Mampukah kita mencapai Generasi Indonesia Emas 2045—momen ketika seluruh harapan bangsa bertumpu pada generasi muda? Jawabannya terletak pada apa yang kita lakukan hari ini.
Mengacu pada teori Maslow dalam psikologi humanistik, eksistensi individu terwujud melalui proses konstruksi diri yang berkesinambungan. Generasi muda tidak boleh hanya ikut-ikutan zaman. Mereka harus tumbuh dan berkembang sesuai konteks zaman ini dengan membangun mentalitas, moralitas, dan pengetahuan yang kuat. Yuval Noah Harari dalam Homo Deus menekankan bahwa yang lebih penting daripada AI dan otomasi adalah karakter individu dan moralitas manusia. Pendalaman karakter, baik dalam aspek politik maupun kemanusiaan, membutuhkan komitmen dan konsistensi—nilai-nilai yang tidak bisa ditawar.

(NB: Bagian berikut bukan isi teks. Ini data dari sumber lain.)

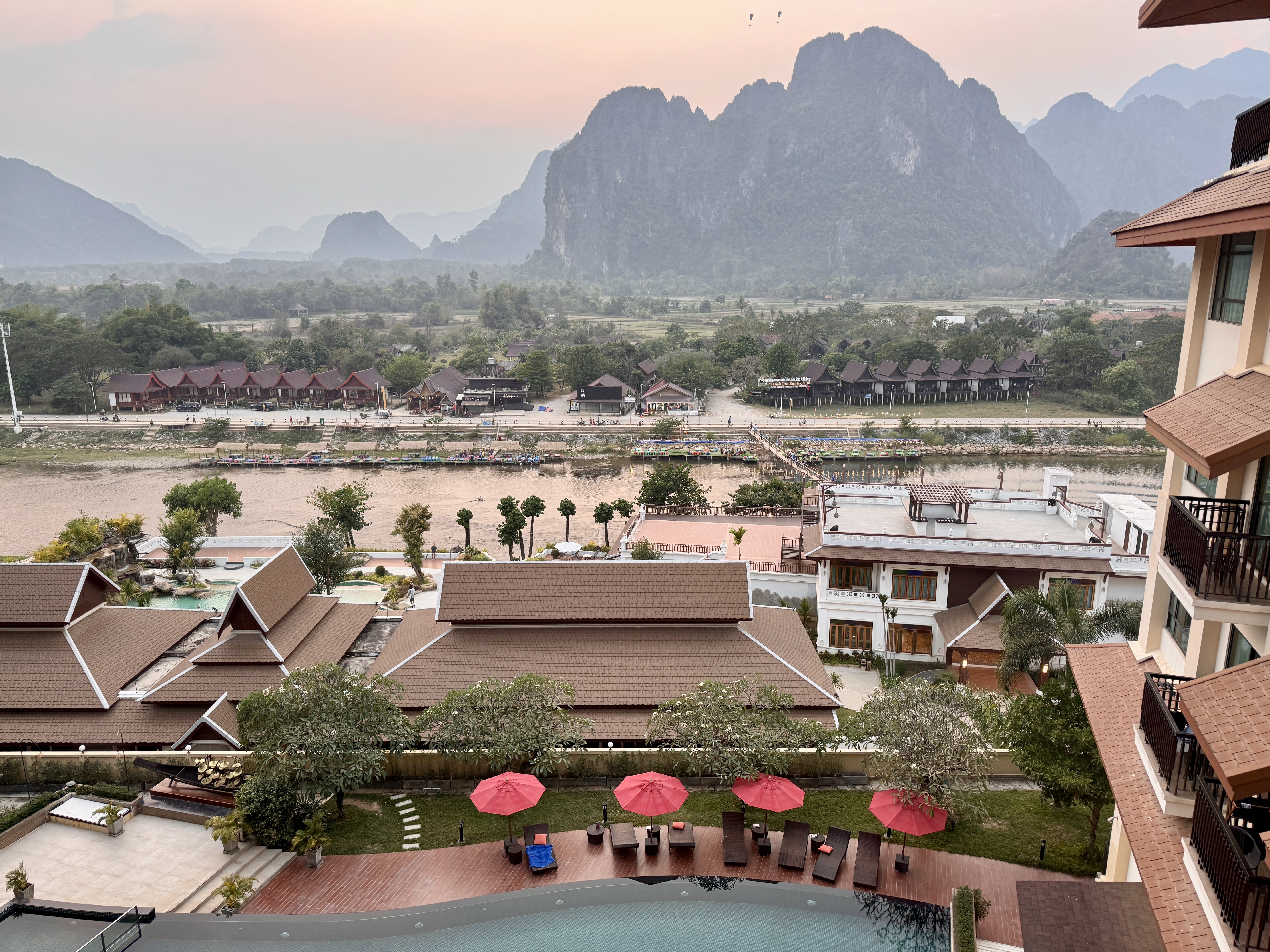 Dusk with some paragliders going past in the distance

Menuju Indonesia Emas 2045 bukan sekadar mengulang atau merekonstruksi pemikiran bangsa sesuai cita-cita pembangunan, melainkan menjadi buah dari upaya kolektif kita untuk merancang metodologi yang tepat. Semua pihak harus terlibat—pemerintah, pekerja, pemuda, hingga kelompok yang disebut sebagai minority creative dalam sosiologi, yakni penggerak perubahan sosial.
Dalam menyambut Ramadhan 1446 H dan Generasi Indonesia Emas 2045, generasi muda perlu memperkuat mentalitas, membangun moralitas, dan menumbuhkan kecerdasan secara selaras. Cinta harus selalu hadir, dan karakter harus terus diasah.
Cita-cita mewujudkan Indonesia Emas memang berat. Namun, jika tidak dimulai dari sekarang, harapan itu akan sulit terwujud. Kuncinya ada pada pemuda—tepatnya, hari ini.